2.2 Molecular dynamic simulations
Through AMBER 18 program suite, NocTE-LSub and NocTE-DSub systems were subjected to molecular dynamic (MD) simulations using ff14SB force field23. Firstly, energy minimizations were carried out for these complexes to rationalize crystal structures. Afterwards, each system was heated from 0 K to 300 K and equilibrated for 50 ps under the isothermal−isobaric ensemble. Starting from this preprocessed conformation, six replicas of MD simulation trajectories were collected. Long-range electrostatic interactions and bond lengths in simulations were described using Particle Mesh Ewald (PME) method24 and the SHAKE algorithm25. Trajectory analyses, like root mean square deviation (RMSD) fluctuations and conformation distributions, were performed via the cpptraj module26 of AMBER 18.

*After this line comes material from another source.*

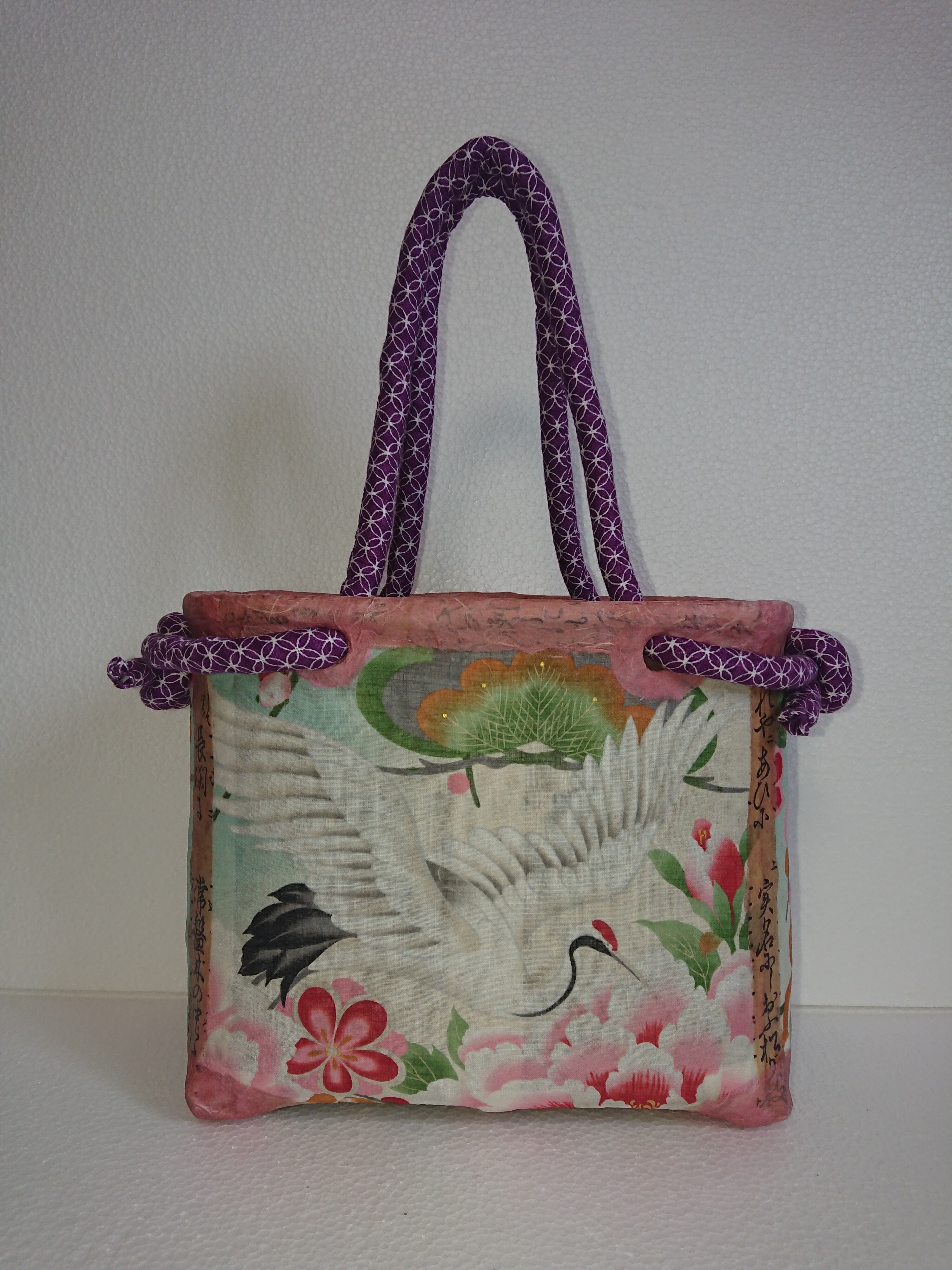 ●表(鶴)裏(花)横(梅花)緑(ピンク色)持ち手(紫色)

For epimerization, the deprotonation distance d(H1901-LSub) was constrained between 3.00 Å and 3.50 Å using a harmonic vibrational potential with a force constant of 200 kcal/(mol·Å2) in the equilibration step for NocTE-LSub system, catching the critical pre-reaction structure for epimerization. Then the system was re-equilibrated without constraints and six replicas of 100 ns MD simulation trajectories were obtained. According to the distribution of the deprotonation distance and angle, two optimal trajectories md2 and md6 were selected and lengthened to 310 ns for the following mechanism investigations.